Location
- 926 Newfield Avenue Stamford, Fairfield County, Connecticut 06905 United States
- Coordinates: 41°5′31″N 73°32′4″W﻿ / ﻿41.09194°N 73.53444°W

Information
- Type: Private, Coeducational
- Religious affiliation: Roman Catholic
- Established: 1957
- Status: Closed
- Closed: 2020
- CEEB code: 070752
- Grades: 9–12
- Enrollment: 200
- Campus size: 26 acres (110,000 m^{2})
- Colors: Green and Gold
- Athletics conference: Fairfield County Interscholastic Athletic Conference
- Mascot: Crusader
- Team name: Crusaders
- Rival: Stamford High, Westhill
- Accreditation: New England Association of Schools and Colleges
- School fees: Dependent upon grade level
- Tuition: $14,360
- Alumni: SGMSC

= Trinity Catholic High School (Connecticut) =

Trinity Catholic High School was a regional, coeducational Catholic school for grades 9-12 located in Stamford, Connecticut. The school closed at the end of the 2019–2020 academic year. It served parts of Fairfield County, Connecticut and Westchester County, New York. The school was a member of the FCIAC athletic conference. Trinity Catholic was accredited by the New England Association of Schools and Colleges, Inc. and the Connecticut Department of Education. It is located in the Roman Catholic Diocese of Bridgeport.
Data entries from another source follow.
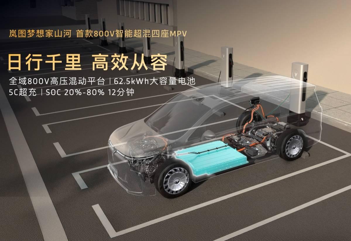 嵐圖夢想家山河的三電系統與新款嵐圖夢想家系出同源,配備有 62.5 度電池,搭配 5C 超快充技術,從 20% 至 80% 電量補充僅需 12 分鐘。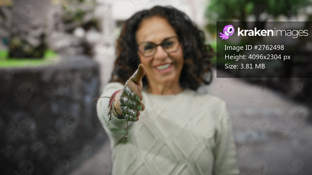 Woman with curly hair smiling outdoors in a city street, extending a handshake with a gloved hand.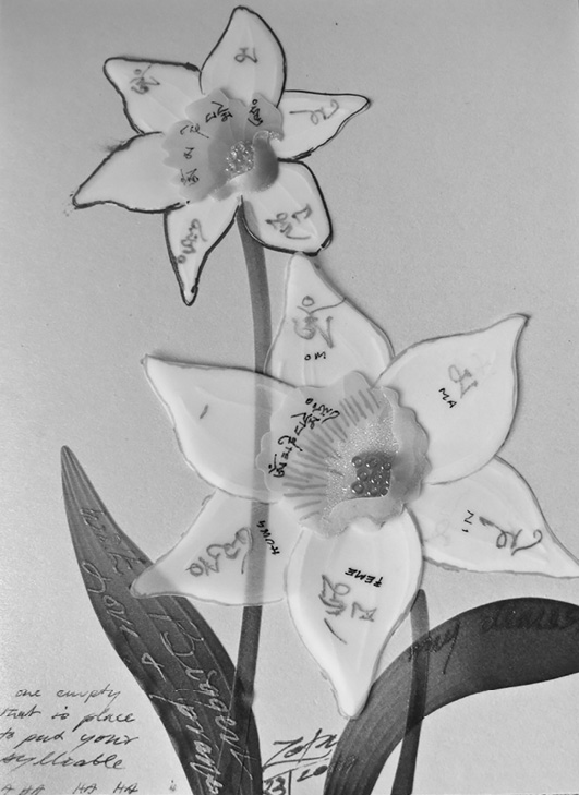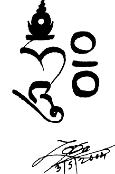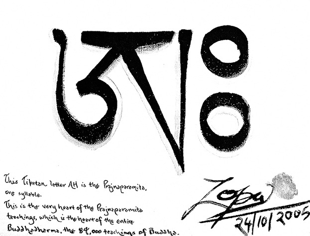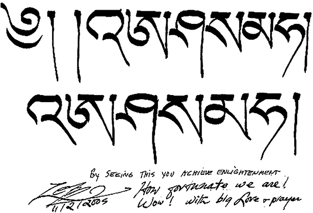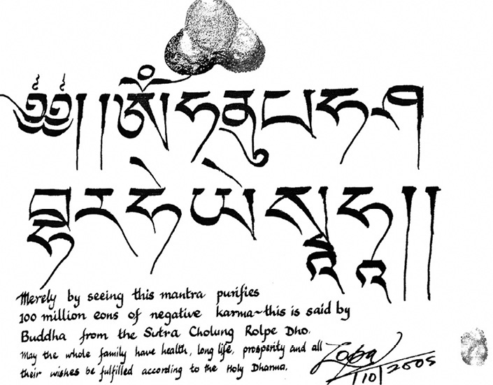 梭巴仁波切2005年以藏文書寫:見則淨業咒。其下英文寫道:「如古佛經記載:只要見到此心咒,即可淨化一千劫的惡業。願您闔家健康、長壽、興隆,一切願望都如法實現。梭巴2005.10」 |
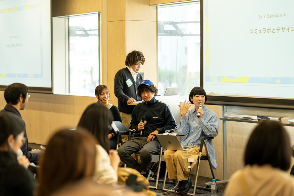 まずコミュラボの5年間を振り返りながら議論が始まったこのセッション。コミュラボの転機は、みまたん宅食どうぞ便の実践だった。従来の“困っている人を支援する”という構図では届かなかった家庭に、デザインや言葉、動線を整えることで初めて届いた体験について語った。さらに、議論は「福祉と楽しさ」に及び、楽しさのレイヤーや距離感などについて語られた。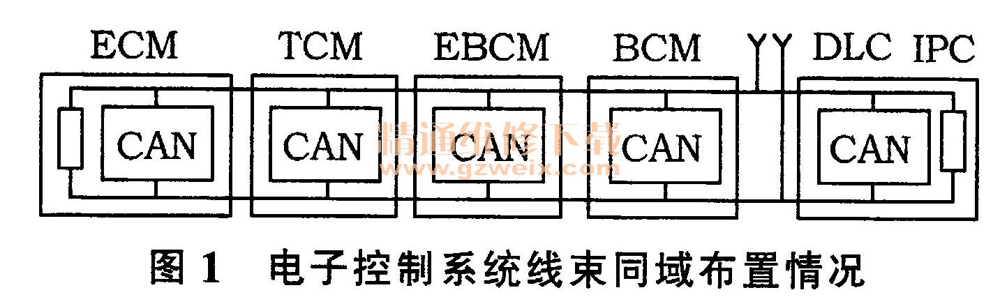 对比手动档MT车辆无此类故障,且AT车型该故障呈间歇性表现,自动变速器电子控制系统TCM受电磁信号干扰,车辆进入限制模式。现代汽车的电子控制系统配置日益增多,且功能呈集成化发展,其信号接收和指令传递往往通过CAN线,不同功能元件收取不同频率的电磁波,这就是现代汽车线束同域布置特点。图1为该车型包括TCM在内的电子控制系统线束同域布置情况。

The school is situated on a 26 acre campus at 926 Newfield Avenue. The school had an initial capacity of approximately 1,200 students, however, due to cost concerns and the demand for smaller student to faculty ratios, has since reduced its enrollment in order to set itself apart from other schools. It was originally known as Stamford Catholic High School, but after other local Catholic Schools closed, was grouped with remaining students to create Trinity Catholic High School.

On February 27, 2020, the Most Reverend Frank J. Caggiano, Bishop of Bridgeport, announced that Trinity Catholic High School would not reopen its doors for the 2020–21 academic year due to enrollment and budget issues.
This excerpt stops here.